Under pressure from Lenin, the Tashkent government slowly changed its attitudes after 1920. Land taken from the natives was returned; requisitionings were reduced, and brought to a halt from 1921 under the NEP; bazaars were allowed to reopen; mosques were taken out of Soviet control; and Koranic law, which the Tashkent government had abolished in 1918, was restored for believers. All this helped to quell the Basmachi revolt: by 1923 it had virtually been liquidated and remained only in the isolated eastern mountain regions of Uzbekistan and Tajikstan, where with the aid of the mujahaddin, it continued for several more years. Meanwhile, the Soviet regime pursued its policy of recruiting native élites. Over half the delegates to the Turkestan Party Congress in 1921 were Muslims, many of them from the old secular intelligentsia, or jadid, who saw in the regime a modernizing force. And indeed to a large extent it was. The new republics of Central Asia — Uzbekistan, Turkmenistan, Kazakhstan, Kirghizia and Tajikstan — were all, in a cultural sense at least, built up as modern nations in the 1920s. Vast resources were invested in education at all levels, which greatly improved literacy rates. Special efforts were devoted to the training of a native political and technical élite. There was a boom in native-language publications for the new reading public. Most journalists, it is true, had to be recruited from the Volga Tatars, who were culturally more advanced than the Central Asians but not always conversant with the nuances of the local language. Thus one Uzbek daily, Kyzyl bairak, appeared for a time with the slogan above its title-head: ‘Tramps of the World Unite!’92 But such mistakes are bound to happen when a national culture is built up from scratch.

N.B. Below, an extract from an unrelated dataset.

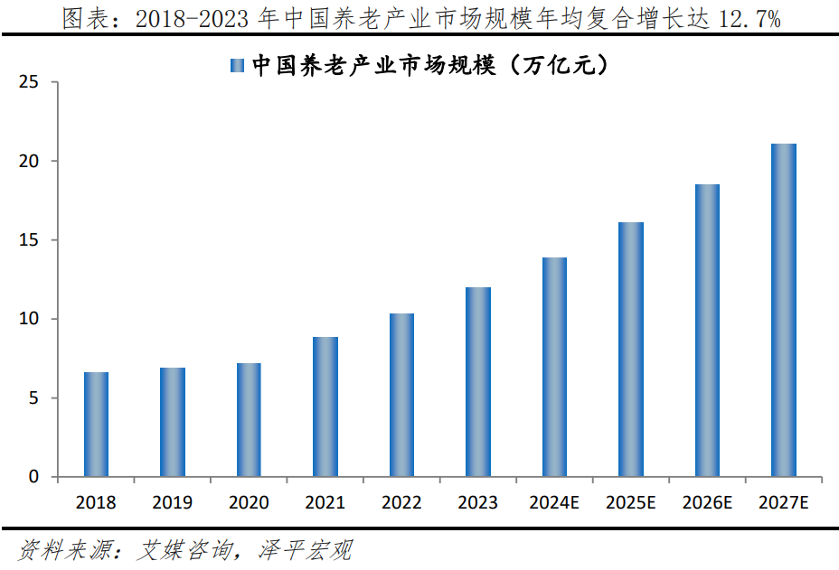 隨著人口老齡化時(shí)代到來(lái),為滿足中老年人群體在衣、食、住、行、醫(yī)等方面需求,銀發(fā)經(jīng)濟(jì)市場(chǎng)潛力巨大,預(yù)計(jì)到2050年,老年人口消費(fèi)總量將占中國(guó)GDP的21%。新一代中老年人群教育水平普遍較高,他們?cè)谕诵莺蟾匾暽钯|(zhì)量和社交活動(dòng),愿意為自己興趣和愛好買單,這為銀發(fā)經(jīng)濟(jì)市場(chǎng)蓬勃發(fā)展提供堅(jiān)實(shí)基礎(chǔ)。據(jù)艾媒咨詢、中國(guó)老齡科學(xué)研究中心數(shù)據(jù),2018-2023年,中國(guó)養(yǎng)老產(chǎn)業(yè)市場(chǎng)規(guī)模年均復(fù)合增長(zhǎng)率達(dá)12.7%,預(yù)計(jì)2050年老年人口消費(fèi)總量為40萬(wàn)-69萬(wàn)億元,占全國(guó)GDP的20.7%。

International relations complicated the Soviet conquest of the Caucasus. Turkey and Britain both vied with Russia for domination of this vital region after 1918. The Turks had designs on Azerbaijan, to whose population they were ethnically and linguistically related. They also wanted to keep Armenia weak in order to retain their hold on eastern Anatolia, which they had cleared of its Armenian population through the genocide of 1915. As for the British, they saw in the Caucasus a buffer protecting Persia and India from Russia. It was also rich in manganese and oil, which the British, in their best traditions of colonial piracy, were busily exporting from the Baku oil-fields whilst their troops were stationed there as a ‘protective force’. The brief independence of the three Caucasian nations (Armenia, Azerbaijan and Georgia) was almost wholly dependent upon the temporary postwar weakness of Russia and Turkey, the traditional powers in the region, and, at least in the case of the last two, the protection of Britain as well. On their own, these nations were much too small and ethnically divided to maintain their independence once Russia and Turkey began to reassert their domination in the region.